Les abords vasculaires doivent répondre à plusieurs critères :
-
site d’implantation propre pour limiter l’infection
-
site d’implantation confortable pour préserver l’autonomie et la mobilité du patient
-
biocompatibilité suffisante pour prévenir les complications infectieuses et
thrombotiques
-
préservation du capital vasculaire
-
obtention d’un haut débit et d’une faible recirculation
-
facilité et sécurité lors de la mise en place.
1°) Les différents types de cathéters
Les cathéters temporaires d’EER ont bénéficié d’importants progrès tant sur leur
présentation que sur l’optimisation de leurs modalités d’utilisation. Nous disposons
actuellement de cathéters rigides à ne plus utiliser et de cathéters semi-rigides et souples à
double lumière permettant de fonctionner avec une seule pompe à sang, de longueur variable,
adaptée à tous les sites de ponction (15-16 cm, 20 cm, 24-25 cm, 28-30 cm).

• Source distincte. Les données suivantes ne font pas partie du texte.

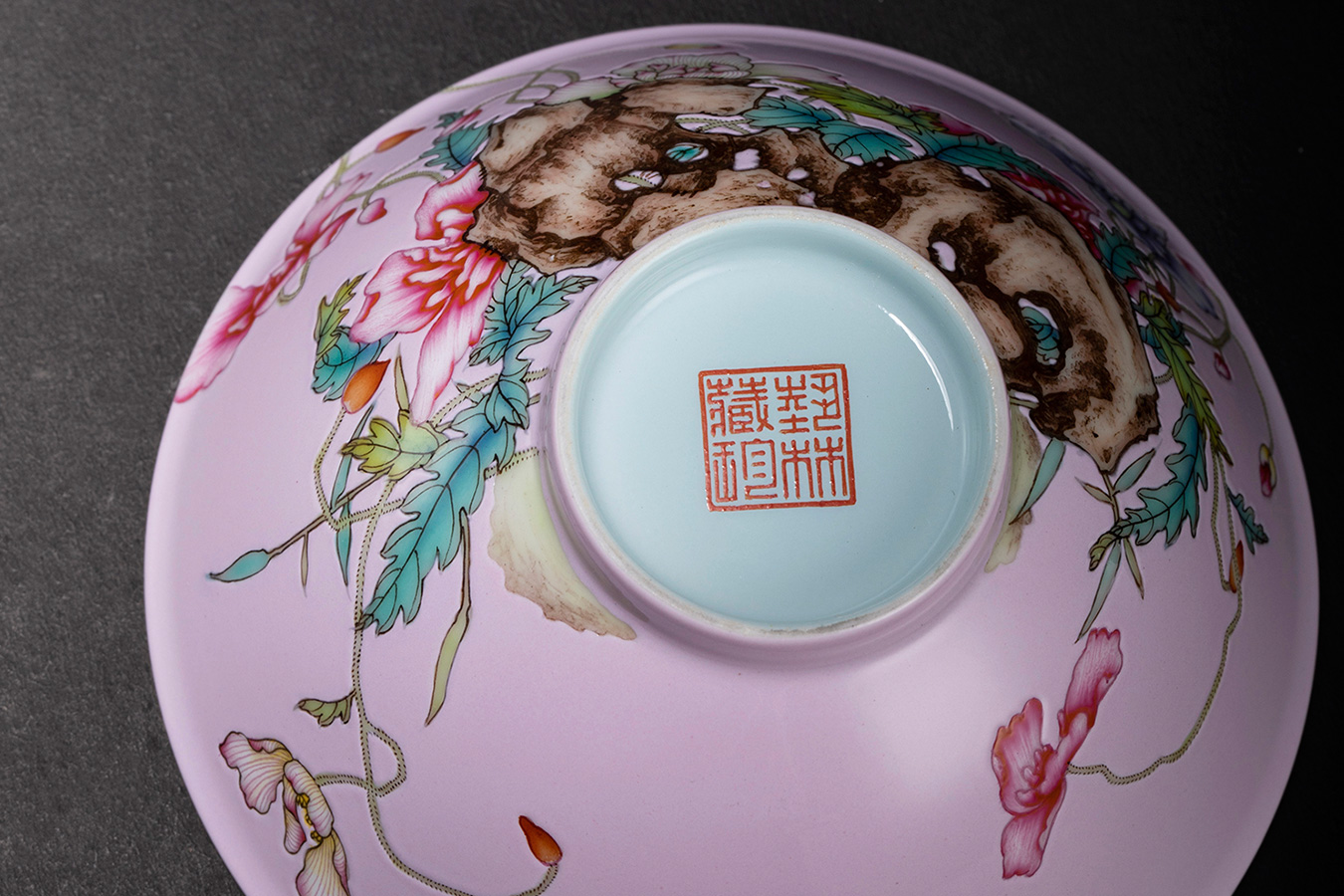 · 全器外壁施独配宫粉色地子。宫粉色是清代官窑中比较罕见的颜色,烧制难度非常高。 娇艳的粉色均匀肥厚,油润熠熠闪现光泽。与画面交接处,都处理得严丝合缝、既没有破坏画面整体,又没有漏笔的情况出现,足见画师深厚功力。花瓣黄自矜持、白怯羞绯、红恃娇纵、紫尚雅风,翠叶间,纤花或含蕾、或盛绽,曲茎摇曳微风中,石半掩、蝶萦绕,渲染描绘细腻如生。花瓣的细腻粉嫩的笔触质感来源于我们的选料,艺林堂遵循清代官窑制度,选用原矿粉彩老料。依旧采用了艺林堂最经典的“点染”手法,但这次在主次花瓣颜色的处理上,我们控制着“点染”手法,将不同光影与浓淡的变化做了区分,朵的色彩过渡自然表现出来,给人梦幻般的浪漫花卉效果。配景的叶片虚实相间,有用重色打底罩色或冷暖两色罩色两种手法表现。丰富的色彩变化将主题花卉更显突出表现,结合西洋光影透视技法和中国国画中不对称式构图使虞美人舒展的花朵在杯上似随风摇曳。杯心绘制三多瑞果纹样,更显清朗秀逸。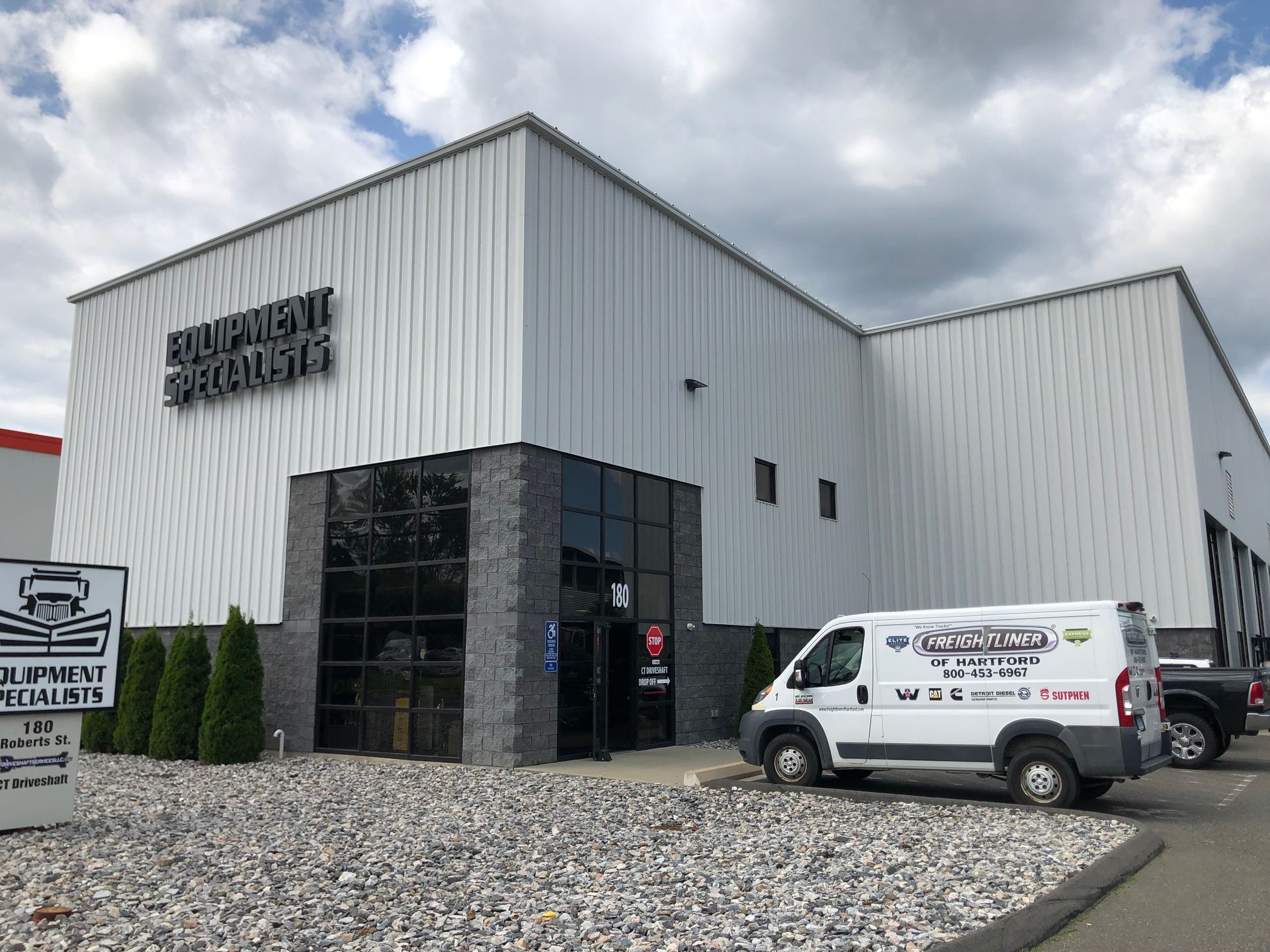 - This building has a 34’ high eave that slopes to the rear of the building. The two story office exterior features two 11’x 16’ high glass curtain walls with 16’ high split-face masonry veneer with standard-face accent bands pilasters on either side of the windows that lets plenty of natural light into the showroom/ parts area. There are also two 4’x 3’ windows at the mezzanine office/ parts area. The remainder of the shop/ maintenance areas has a 7’-4” high split-face masonry with standard-face accent band and Butler “Shadowall” ribbed metal panel above.

Les cathéters semi-rigides à simple lumière, type shaldon (hémoclav Vygon) ou désilet :
Ces cathéters en téflon ou polyuréthane sont de longueur variable adaptés aux
différentes veines centrales avec 6 orifices latéraux et une perforation distale.
La pose rapide et facile s’effectue selon la technique de Seldinger. Ils sont donc parfaitement
adaptés aux situations d’urgence. Une pièce en Y permet leur utilisation en unipuncture avec
double pompe, mais au prix d’une forte recirculation. Leur petit calibre entraîne de forte
pression veineuse et de faible débit sanguin, source de thrombose.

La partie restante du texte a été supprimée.